A Social Footprint of Nations: A Comparative Study of the Social Impact of Work
Work is essential for most people to live a full and complete life. However, far from being an enjoyable pursuit, many people find work places them in vulnerable and even life threatening positions. More than half of the developing world’s workers (approximately 1.5 billion people) are classified as being in vulnerable employment, trapped in a cycle where low incomes limit the ability to invest in family and future generation’s health and education. No standard footprint methodology has yet been adopted to measure a nation’s social impact of work in a similar way to how environmental footprints measure a nation’s impact on the environment. Here we develop a method to measure the social footprint of nations by compiling eight indicators, ranging from employment to income to days lost due to accidents. We compare these data for the average worker across developed and developing nations. Our results demonstrate that as countries develop, work domestically has fewer negative social impacts and more benefits to individuals. However, as countries develop they also import more negative social impacts through global trade. This leads to developed nations having two very different social footprints of trade—one for domestic workers and one for international labour embedded in its imports. The development of a replicable and comparable social footprint methodology contributes to our understanding of issues surrounding inequality, the social impact of work, how to measure social impact and how we can communicate complex messages around embedded labour.
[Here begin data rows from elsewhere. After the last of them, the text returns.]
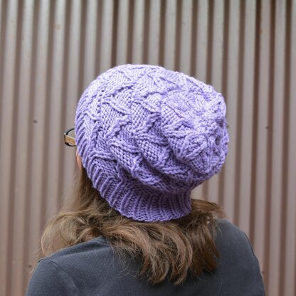 Work the slouchy version shown here or do one less pattern repeat and get a snug beanie. Add a fur pom pom for some extra fun.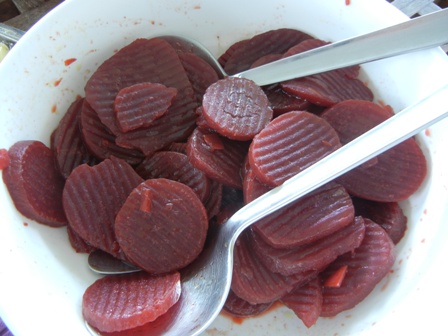 After the main course we had a warm spinach salad. The recipe is also in the above cookbook and is called, “Baby Greens with Caper Vinaigrette”. The caper vinaigrette is similar to the marinade, just that no olives and no garlic is added. It goes as follows: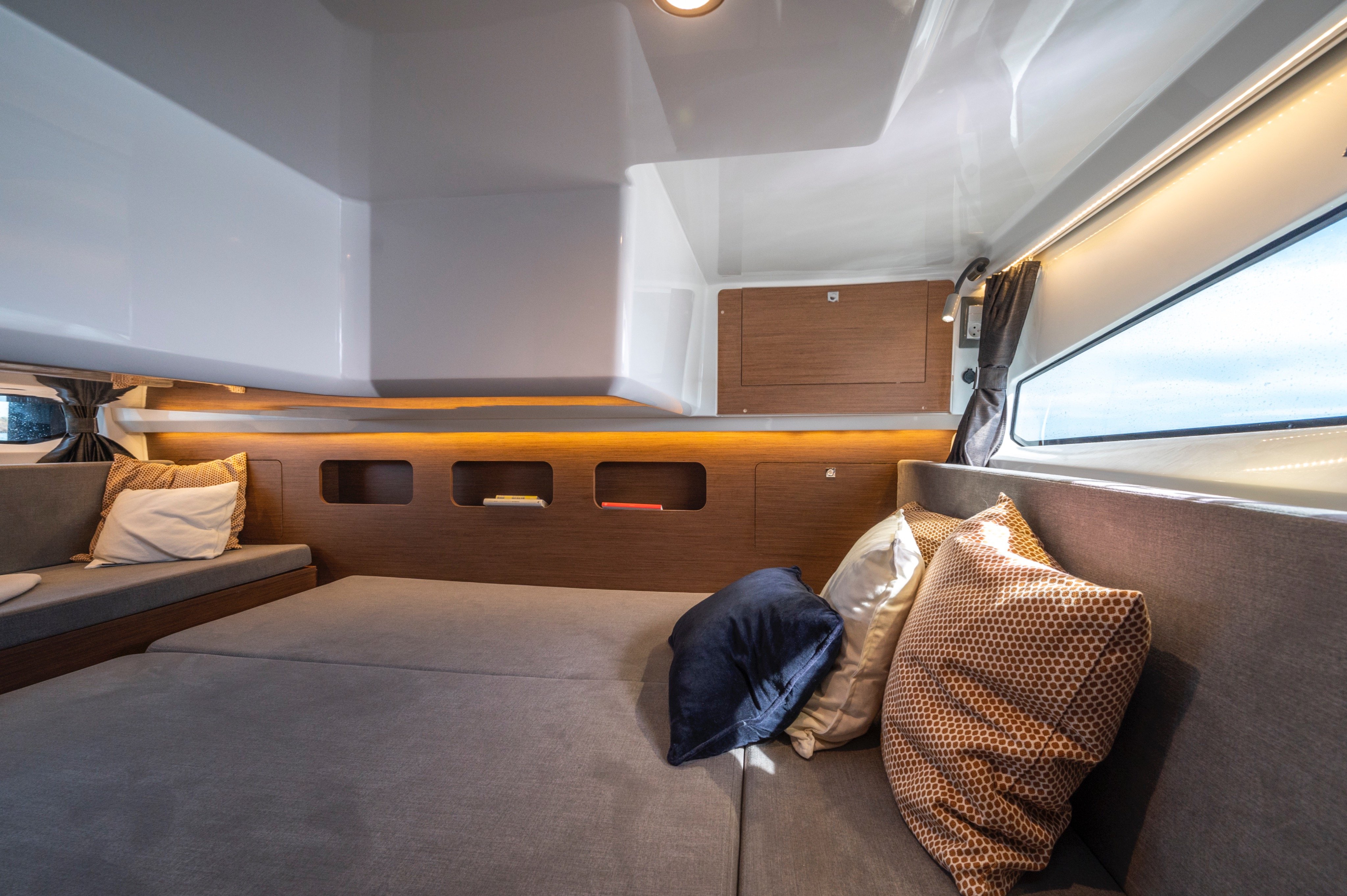 Her sleek hull and extensive glazing offer superb visibility and a welcoming interior that easily accommodates guests in two well-appointed cabins. Thoughtful layout features maximize indoor and outdoor living — from a sociable saloon and functional galley to a spacious cockpit and sun lounging areas — perfect for relaxed cruising or entertaining.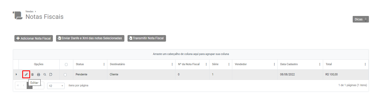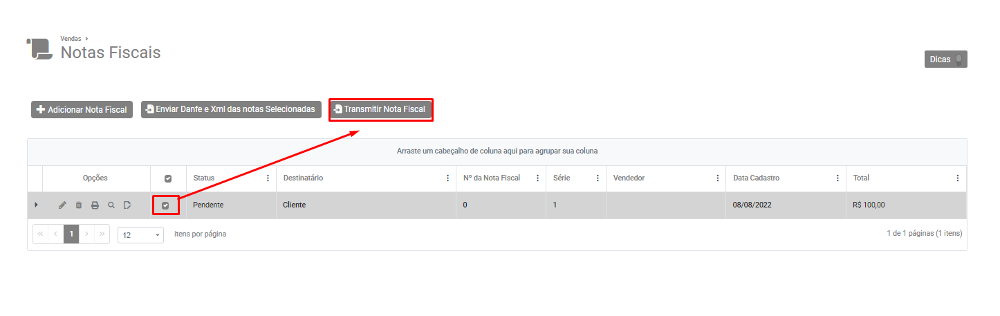 Selecione a Nota e clique no botão Transmitir Nota Fiscal.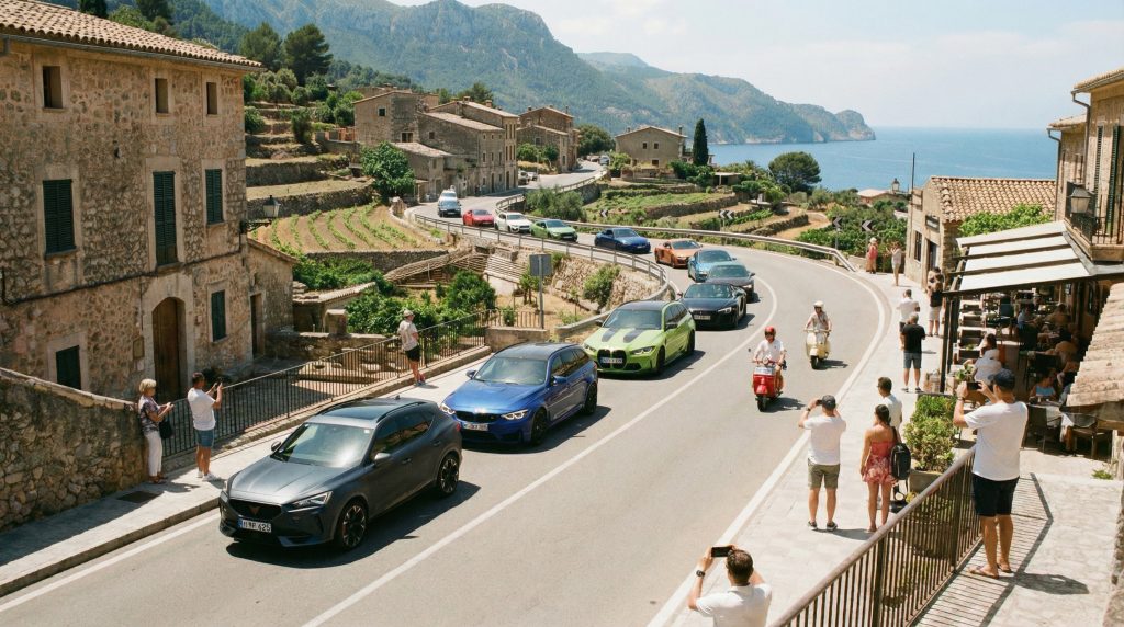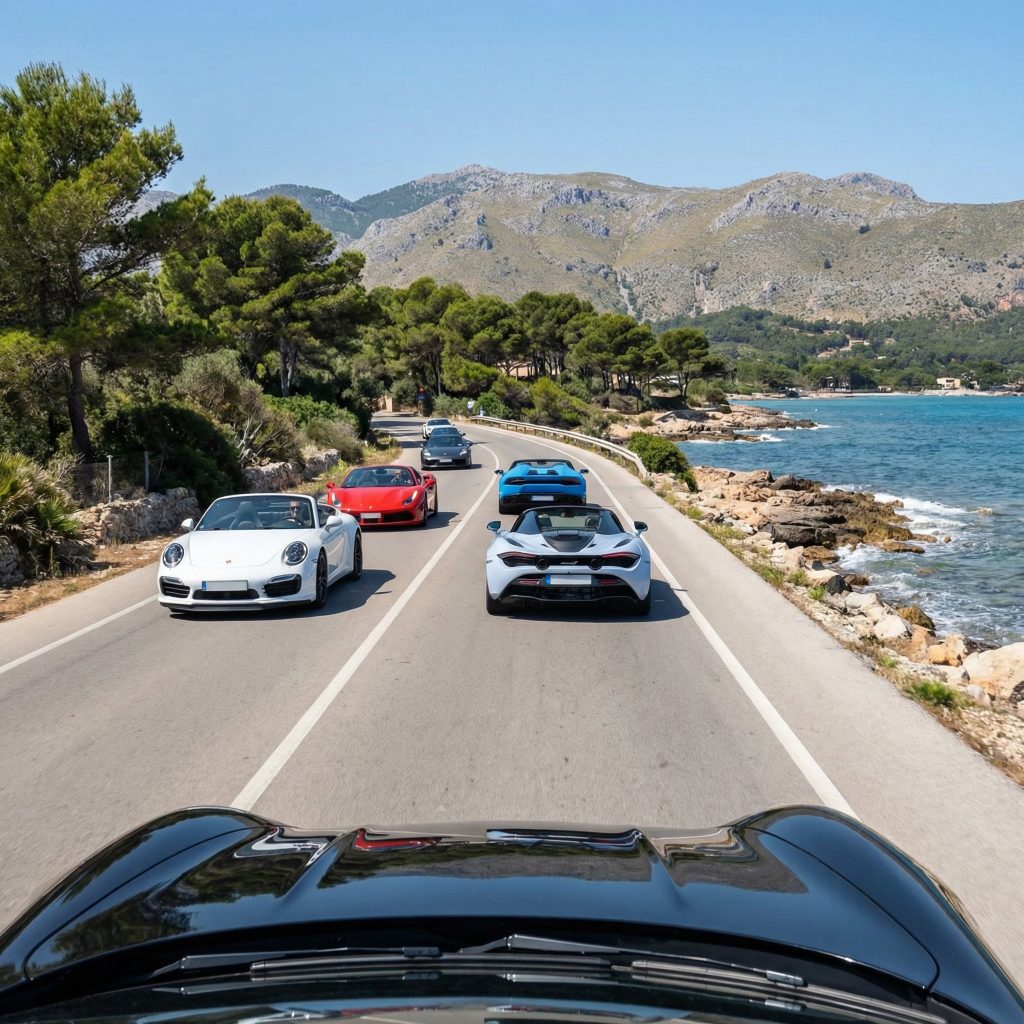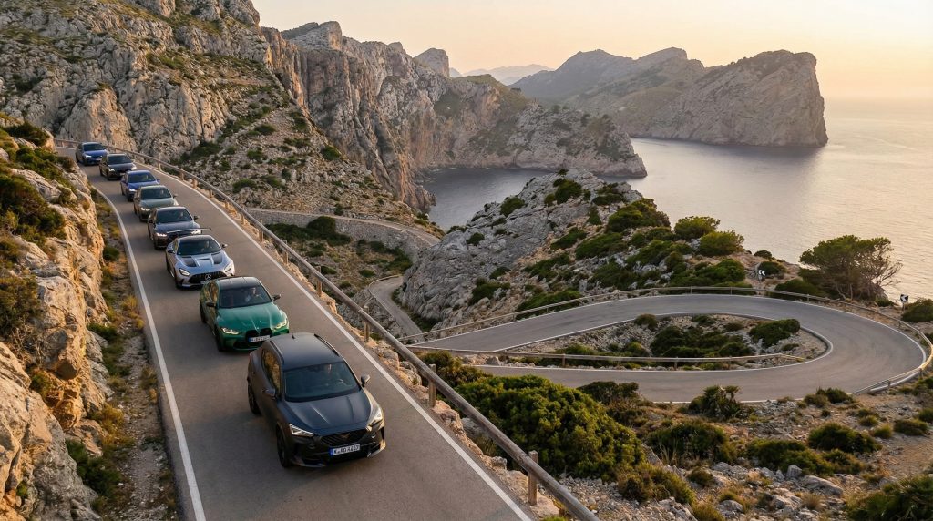 Mallorca, wie es Autofahrer lieben: Küstenluft, goldenes Licht – und dann hinein in die Serra de Tramuntana, wo Kehren und perfekte Linien den Puls treiben. Sportlich-dynamisches Fahren trifft auf Inselatmosphäre, Panoramen und mediterranen Genuss.

More than half of the developing world’s workers are classified as being in vulnerable employment, trapped in a cycle where low incomes limit the ability to invest in family and future generations’ health and education. Empowering policy makers and business to make choices that mitigate some of these impacts through developing and communicating numerically sound information is a priority to address global inequality. Current measurement techniques vary and lessons learned from having divergent methodologies in environmental footprinting indicate that a robust social footprinting methodology is required. We introduce a methodology to create social footprints of nations measuring the social impact of work embedded in global trade. We show that as countries develop, problematic labour impacts are outsourced to developing countries.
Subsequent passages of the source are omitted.